§ **PROBLEM DESCRIPTION**
Retype, exactly as they appear below, the lines between the line holding "NCTC Prescribed Burn" and the line holding "Pergola je sestavljena", both ends included.

§ **DATASET EXCERPTS**

+---+

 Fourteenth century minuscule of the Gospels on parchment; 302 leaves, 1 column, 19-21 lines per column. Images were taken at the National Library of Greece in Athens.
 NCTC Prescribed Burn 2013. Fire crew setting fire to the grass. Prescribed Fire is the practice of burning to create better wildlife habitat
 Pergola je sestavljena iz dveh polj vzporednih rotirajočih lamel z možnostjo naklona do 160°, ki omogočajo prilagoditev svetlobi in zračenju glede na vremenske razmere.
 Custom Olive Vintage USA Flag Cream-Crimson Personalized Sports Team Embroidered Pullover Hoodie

+---+

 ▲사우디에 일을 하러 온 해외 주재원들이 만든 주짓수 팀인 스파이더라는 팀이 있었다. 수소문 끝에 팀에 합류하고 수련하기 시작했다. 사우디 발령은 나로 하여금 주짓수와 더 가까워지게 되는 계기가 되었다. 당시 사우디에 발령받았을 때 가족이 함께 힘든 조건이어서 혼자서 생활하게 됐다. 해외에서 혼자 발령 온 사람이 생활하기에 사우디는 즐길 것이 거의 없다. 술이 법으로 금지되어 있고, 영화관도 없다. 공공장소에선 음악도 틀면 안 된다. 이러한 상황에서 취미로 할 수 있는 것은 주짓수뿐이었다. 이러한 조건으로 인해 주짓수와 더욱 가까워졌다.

+---+

§ **RESPONSE TO THIS EXERCISE**
 NCTC Prescribed Burn 2013. Fire crew setting fire to the grass. Prescribed Fire is the practice of burning to create better wildlife habitat
 Pergola je sestavljena iz dveh polj vzporednih rotirajočih lamel z možnostjo naklona do 160°, ki omogočajo prilagoditev svetlobi in zračenju glede na vremenske razmere.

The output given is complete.